▶ **Exercise objective**
From the line with "천생중학교 학부모회(회장 류경미)는" to the end of the data below, restate each line word for word, both ends included, without the pictures.

Recorded information Start Marker

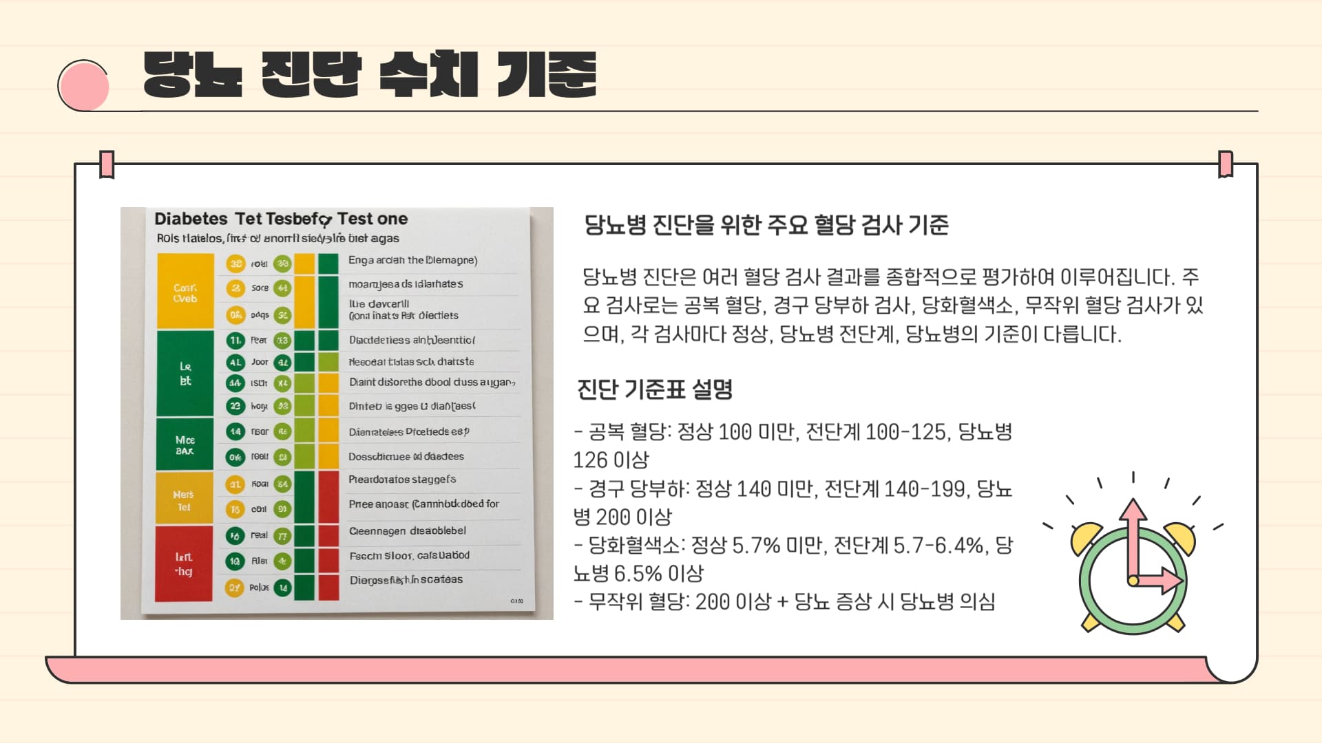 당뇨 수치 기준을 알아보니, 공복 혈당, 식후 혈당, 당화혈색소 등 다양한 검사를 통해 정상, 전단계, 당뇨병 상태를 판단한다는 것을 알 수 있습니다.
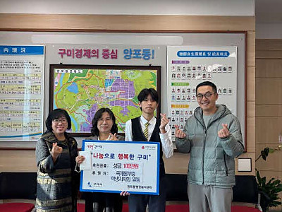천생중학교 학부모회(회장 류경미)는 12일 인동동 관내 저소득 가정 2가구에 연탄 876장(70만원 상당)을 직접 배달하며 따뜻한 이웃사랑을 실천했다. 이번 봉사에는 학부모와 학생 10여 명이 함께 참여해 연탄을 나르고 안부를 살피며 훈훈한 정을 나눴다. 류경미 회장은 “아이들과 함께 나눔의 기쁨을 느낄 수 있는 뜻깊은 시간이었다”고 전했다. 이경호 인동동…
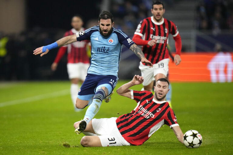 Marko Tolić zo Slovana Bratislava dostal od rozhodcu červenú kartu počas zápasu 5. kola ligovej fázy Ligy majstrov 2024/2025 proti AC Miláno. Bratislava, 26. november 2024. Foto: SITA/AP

Recorded information End Marker

▶ **Solution to this problem**
천생중학교 학부모회(회장 류경미)는 12일 인동동 관내 저소득 가정 2가구에 연탄 876장(70만원 상당)을 직접 배달하며 따뜻한 이웃사랑을 실천했다. 이번 봉사에는 학부모와 학생 10여 명이 함께 참여해 연탄을 나르고 안부를 살피며 훈훈한 정을 나눴다. 류경미 회장은 “아이들과 함께 나눔의 기쁨을 느낄 수 있는 뜻깊은 시간이었다”고 전했다. 이경호 인동동…
 Marko Tolić zo Slovana Bratislava dostal od rozhodcu červenú kartu počas zápasu 5. kola ligovej fázy Ligy majstrov 2024/2025 proti AC Miláno. Bratislava, 26. november 2024. Foto: SITA/AP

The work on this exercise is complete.